- Assignment
Exactly the lines from the one containing "Hallo, erst einmal" through the one containing "24 in. White Artificial Orchid in Pot" in the listing below are to be copied, with the pictures left out.

- Records supplied

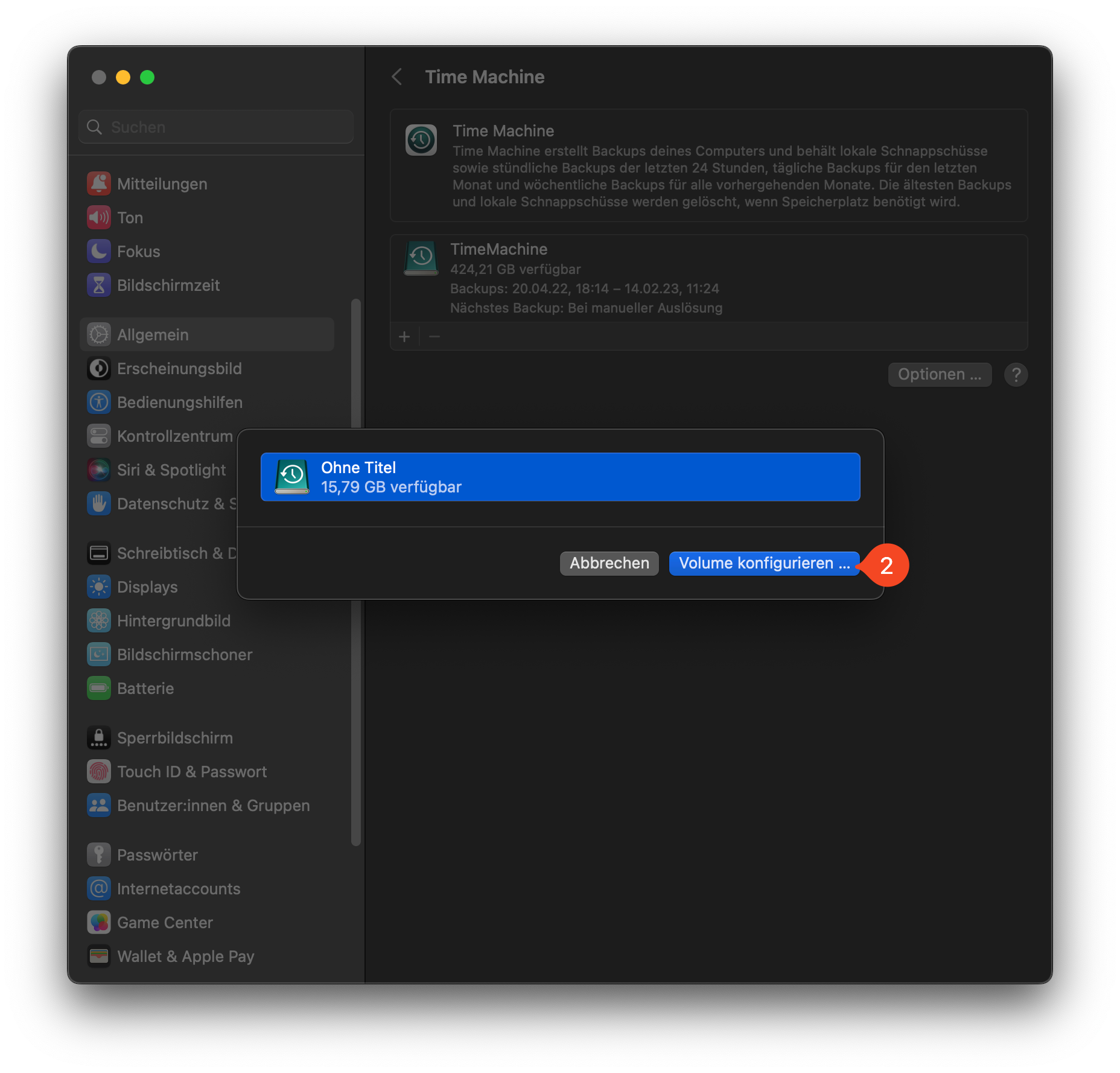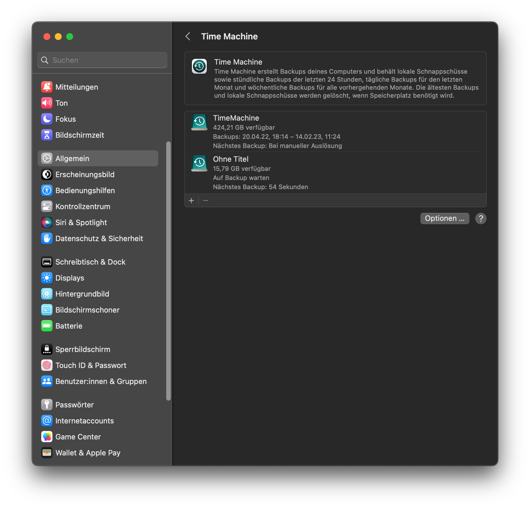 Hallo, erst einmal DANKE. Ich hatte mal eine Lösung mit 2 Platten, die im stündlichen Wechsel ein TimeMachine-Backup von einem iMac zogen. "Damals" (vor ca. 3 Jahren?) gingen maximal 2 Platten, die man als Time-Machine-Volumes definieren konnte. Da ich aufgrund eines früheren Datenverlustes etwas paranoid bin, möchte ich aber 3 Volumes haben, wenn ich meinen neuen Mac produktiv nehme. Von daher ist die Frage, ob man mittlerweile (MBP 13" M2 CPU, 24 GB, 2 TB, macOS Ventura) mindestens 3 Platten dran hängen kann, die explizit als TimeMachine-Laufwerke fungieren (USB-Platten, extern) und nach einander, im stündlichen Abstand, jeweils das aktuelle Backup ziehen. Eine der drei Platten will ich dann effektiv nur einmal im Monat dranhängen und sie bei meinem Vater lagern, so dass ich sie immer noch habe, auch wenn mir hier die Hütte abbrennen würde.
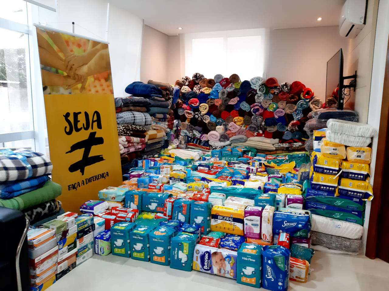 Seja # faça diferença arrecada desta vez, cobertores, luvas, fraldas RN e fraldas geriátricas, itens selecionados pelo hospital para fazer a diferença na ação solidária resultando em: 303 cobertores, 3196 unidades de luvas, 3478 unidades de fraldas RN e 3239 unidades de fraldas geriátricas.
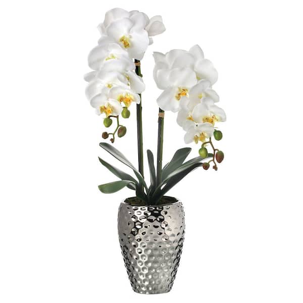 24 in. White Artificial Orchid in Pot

---

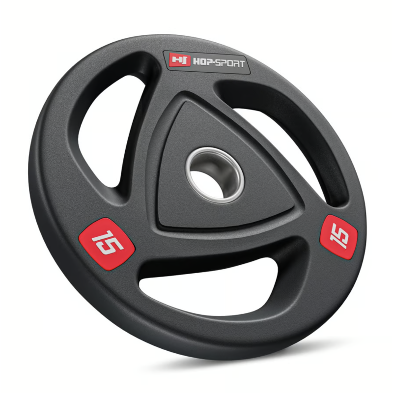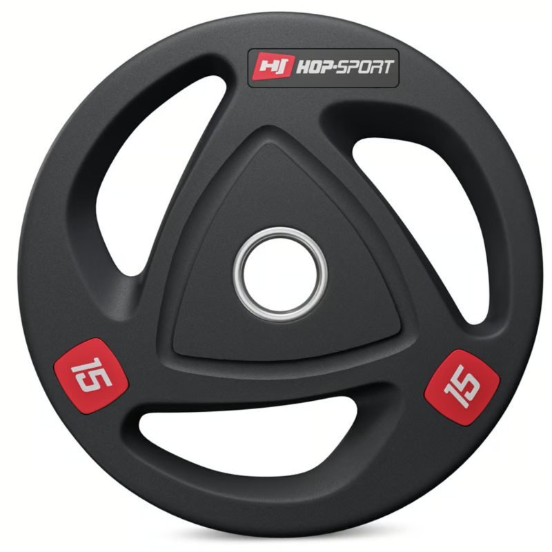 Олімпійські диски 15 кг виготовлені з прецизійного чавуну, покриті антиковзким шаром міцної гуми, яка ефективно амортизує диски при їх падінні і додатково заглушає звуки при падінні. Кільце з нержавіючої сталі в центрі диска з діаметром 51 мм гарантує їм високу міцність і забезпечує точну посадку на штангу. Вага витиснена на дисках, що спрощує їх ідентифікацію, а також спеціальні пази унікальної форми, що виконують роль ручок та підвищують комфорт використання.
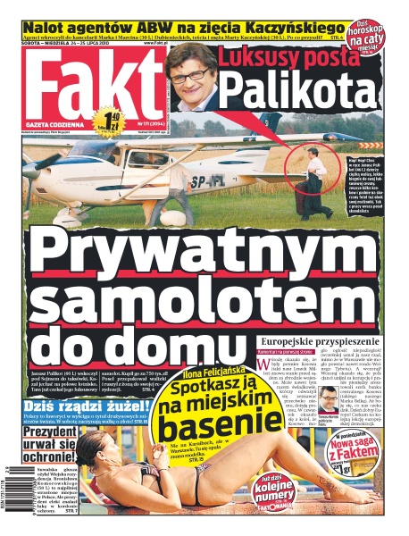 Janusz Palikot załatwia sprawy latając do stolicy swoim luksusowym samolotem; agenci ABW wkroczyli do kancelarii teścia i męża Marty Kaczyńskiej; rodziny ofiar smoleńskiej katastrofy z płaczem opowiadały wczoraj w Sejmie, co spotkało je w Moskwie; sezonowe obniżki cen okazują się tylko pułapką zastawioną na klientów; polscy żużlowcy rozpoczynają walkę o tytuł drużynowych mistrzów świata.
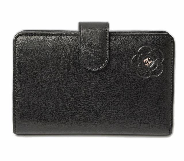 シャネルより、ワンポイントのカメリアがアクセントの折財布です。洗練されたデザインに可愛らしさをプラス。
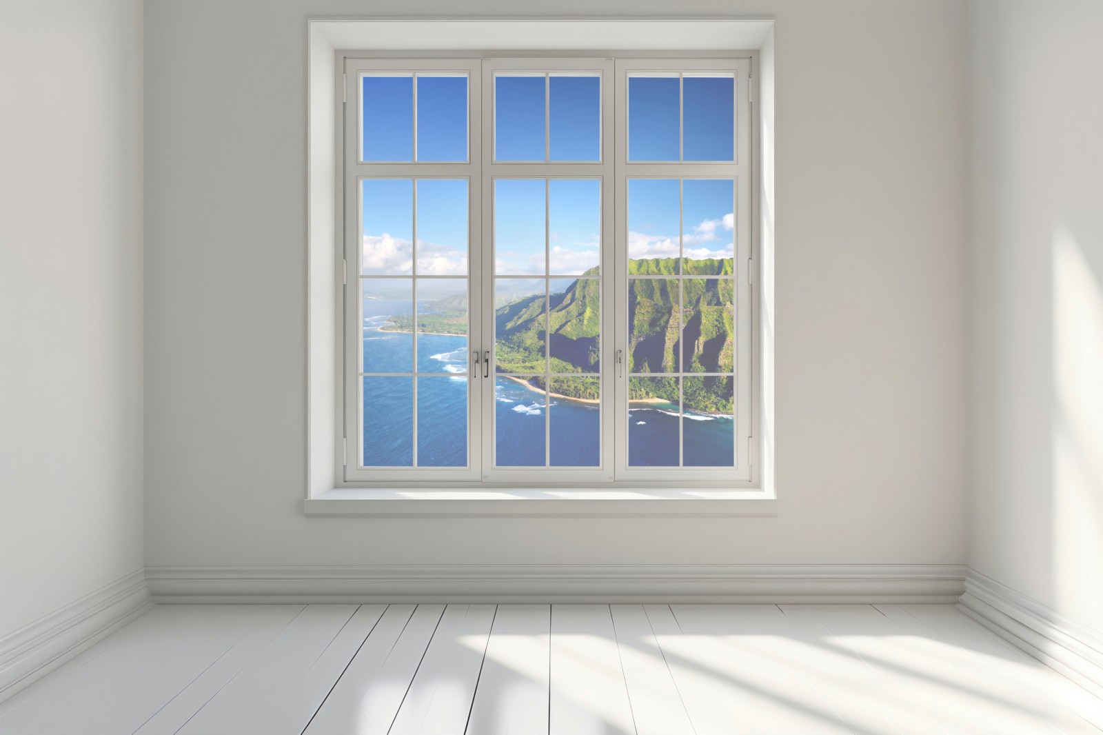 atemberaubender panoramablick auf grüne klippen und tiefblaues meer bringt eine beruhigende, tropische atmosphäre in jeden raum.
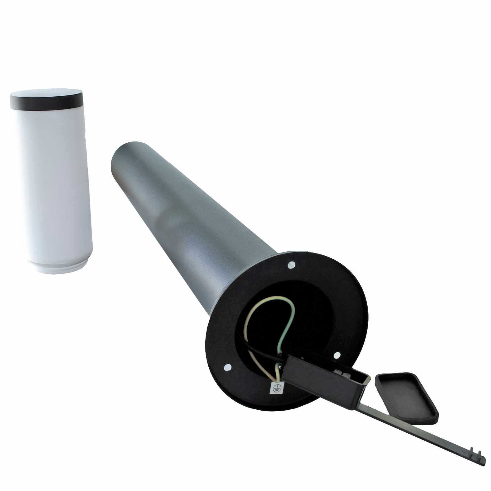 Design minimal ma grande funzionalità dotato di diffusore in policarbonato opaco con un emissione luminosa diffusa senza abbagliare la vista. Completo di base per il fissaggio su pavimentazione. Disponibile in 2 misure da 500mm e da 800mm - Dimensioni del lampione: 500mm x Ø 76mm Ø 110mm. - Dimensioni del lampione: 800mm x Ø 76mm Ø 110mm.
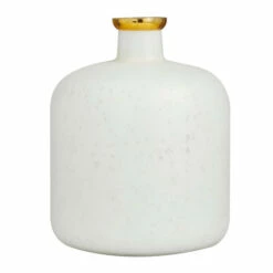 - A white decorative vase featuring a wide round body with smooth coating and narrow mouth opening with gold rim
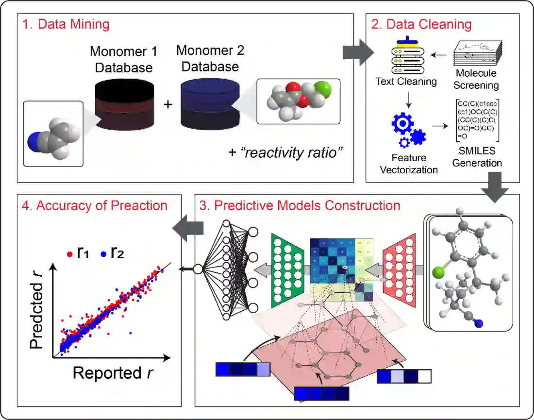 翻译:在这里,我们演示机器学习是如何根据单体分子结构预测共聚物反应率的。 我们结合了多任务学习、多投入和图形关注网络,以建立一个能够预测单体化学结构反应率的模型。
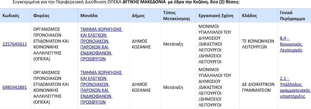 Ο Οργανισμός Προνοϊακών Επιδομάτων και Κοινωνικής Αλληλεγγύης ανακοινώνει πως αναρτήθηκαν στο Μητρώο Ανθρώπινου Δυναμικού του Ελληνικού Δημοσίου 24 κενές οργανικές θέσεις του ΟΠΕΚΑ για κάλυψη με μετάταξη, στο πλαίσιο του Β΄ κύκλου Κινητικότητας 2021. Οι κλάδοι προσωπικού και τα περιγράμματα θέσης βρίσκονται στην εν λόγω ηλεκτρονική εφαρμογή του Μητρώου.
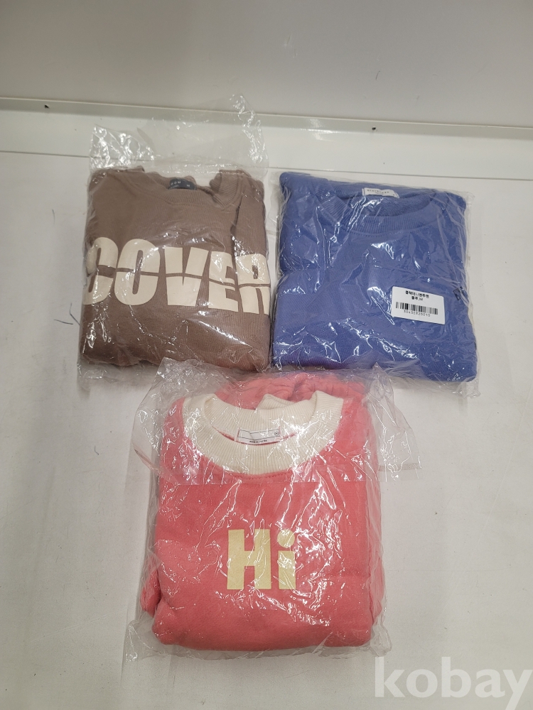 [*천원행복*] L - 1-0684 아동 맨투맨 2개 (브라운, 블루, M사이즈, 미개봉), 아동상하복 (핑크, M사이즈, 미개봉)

==

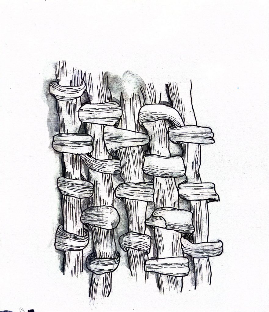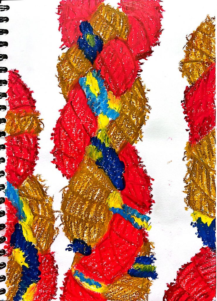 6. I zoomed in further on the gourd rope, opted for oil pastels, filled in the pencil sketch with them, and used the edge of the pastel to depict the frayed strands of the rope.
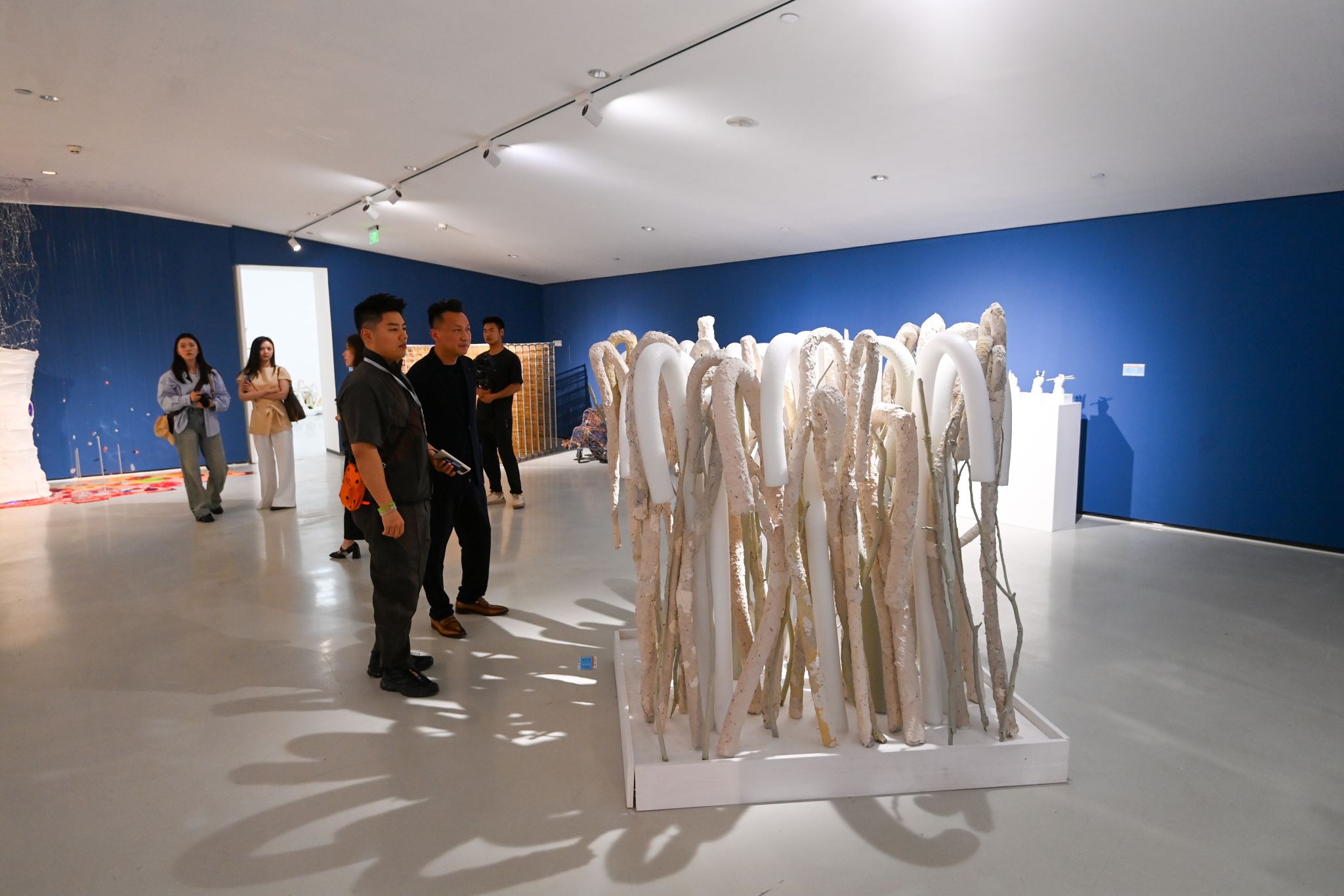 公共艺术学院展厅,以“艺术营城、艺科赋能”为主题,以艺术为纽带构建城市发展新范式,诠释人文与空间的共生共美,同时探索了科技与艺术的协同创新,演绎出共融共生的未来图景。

- Exercise solution
 Hallo, erst einmal DANKE. Ich hatte mal eine Lösung mit 2 Platten, die im stündlichen Wechsel ein TimeMachine-Backup von einem iMac zogen. "Damals" (vor ca. 3 Jahren?) gingen maximal 2 Platten, die man als Time-Machine-Volumes definieren konnte. Da ich aufgrund eines früheren Datenverlustes etwas paranoid bin, möchte ich aber 3 Volumes haben, wenn ich meinen neuen Mac produktiv nehme. Von daher ist die Frage, ob man mittlerweile (MBP 13" M2 CPU, 24 GB, 2 TB, macOS Ventura) mindestens 3 Platten dran hängen kann, die explizit als TimeMachine-Laufwerke fungieren (USB-Platten, extern) und nach einander, im stündlichen Abstand, jeweils das aktuelle Backup ziehen. Eine der drei Platten will ich dann effektiv nur einmal im Monat dranhängen und sie bei meinem Vater lagern, so dass ich sie immer noch habe, auch wenn mir hier die Hütte abbrennen würde.
 Seja # faça diferença arrecada desta vez, cobertores, luvas, fraldas RN e fraldas geriátricas, itens selecionados pelo hospital para fazer a diferença na ação solidária resultando em: 303 cobertores, 3196 unidades de luvas, 3478 unidades de fraldas RN e 3239 unidades de fraldas geriátricas.
 24 in. White Artificial Orchid in Pot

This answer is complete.